Is God’s Forgiveness Conditional? – Bradley Jersak

Revisiting Forgiveness:
Over the years, I’ve had to repeatedly revisit the theme of resentment and forgiveness, not as an interesting puzzle to be solved, but as a heart issue I need to face for myself. Hard experience brings me back to the Scriptures, to my past, and to my practices, sorting through what forgiveness means, what it is, and what it isn’t. A highlight reel of my pondering includes these posts:
- “Q&R: Can we withhold God’s Forgiveness?”
- “Forgiveness is Scandalous Again”
- “Forgiveness: What It Is and Isn’t”
Today I’m back in Matthew 5-7, reading Jesus’ foundational sermon yet again, where I’m challenged personally and theologically by the force of these words:
“For if you forgive others their trespasses, your heavenly Father will also forgive you, but if you do not forgive others, neither will your Father forgive your trespasses.” (Matthew 6:14-15)
Conditional Forgiveness?
On the face of it, Jesus appears to describe the Father’s forgiveness as conditional on ours. By starting my sentence, “On the face of it,” I could sound like I’m saying, “Jesus says this, but when you look more closely, he doesn’t mean it.” So many times, that exactly where we go. We immediately resist the force of the text—why?
- Maybe we’ve been tormented by reading those words literally.
- Maybe they sound so harsh to those who’ve experienced grace.
- Maybe they seem misaligned with Jesus words and actions elsewhere.
- Maybe we get it but wished he had said it differently.

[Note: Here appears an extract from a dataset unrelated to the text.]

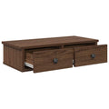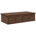 This wall shelf with drawers is meant to be a decorative as well as a practical extension to your home decor. Stable and durable material: Engineered wood is a durable and stable material with a smooth surface that is resistant to moisture, warping, and splitting, making it a reliable choice for various projects.Ample storage space: The wall cabinet offers handy storage space for keeping your various daily essentials well organised and within easy reach.Wall-mounted function: The floating bedside cabinet doesn't take up any floor space. You can hang it on the wall easily.Displaying function: You can also place your favourite photos, decorations, or flowers on top of the cabinet to enrich your life.Wide applications: Thanks to its timeless design, this wall cabinet effortlessly complements your decor and can be used in the living room, bedroom, and more. Good to know:Screws and plugs for inside the wall are not included. We advise to find and use screws and plugs suitable specifically for your walls. If you're not sure, you can consult with a professional. Please read and follow each step of the instructions.
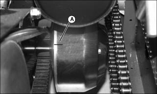 6. Place straight edge across top of sprockets and measure distance (sag) from bottom of straight edge to top of chain. Slack should be 13 to 25 mm (0.5 to 1.0 in.).

After all, the Gospels show us Jesus forgiving and healing people prior even to repentance. We see the mercy of God cleansing away sin in a way that generates a loving faith response—unconditional grace overflowing from divine compassion. We see Jesus pronouncing forgiveness to the unrepentant conspirators and torturers involved in his crucifixion. And we have the witness of Paul, forgiven by Stephen and converted by Jesus while still an enemy and murderer of the Jesus people, as he testifies in Romans 5. God’s forgiveness is revealed (as it already had been in Hosea) as both unconditional and generative.
With all of that loaded into our experience of the beautiful gospel, Jesus’ words in the Matthew 6 seem incongruent. So our impulse can be to rush into explaining how he doesn’t really mean what he says and bending over backwards to avoid inferences of a straightforward condition. We want to help people interpret Jesus’ words so they don’t offend our sensitivity to obligations, expectations, and commands. In other words, we race to rescue Jesus from sounding religious. And in doing so, in our apologies for his brazen choice of words, we presume to correct him.
Perhaps a fifth and more insidious factor is at play in our resistance:
- Maybe we’d rather not forgive and secretly resent being told we must.
Don’t Evade. Undergo.
I want to suggest another approach to this text that solves the real problem Jesus is confronting. The real problem from his point of view—not ours. And it’s so simple:
The real problem is not that Jesus has slipped into a conditional forgiveness that misrepresents his Father and is misaligned with his own gospel practice. The real problem he’s addressing in context requires the full force of his warning: hypocrisy. Specifically, the hypocrisy of claiming to be his disciple—a representative of the Jesus Way—while relating to others in ways completely contrary the path he’s called us to follow. That’s hypocrisy. That’s Christless religion.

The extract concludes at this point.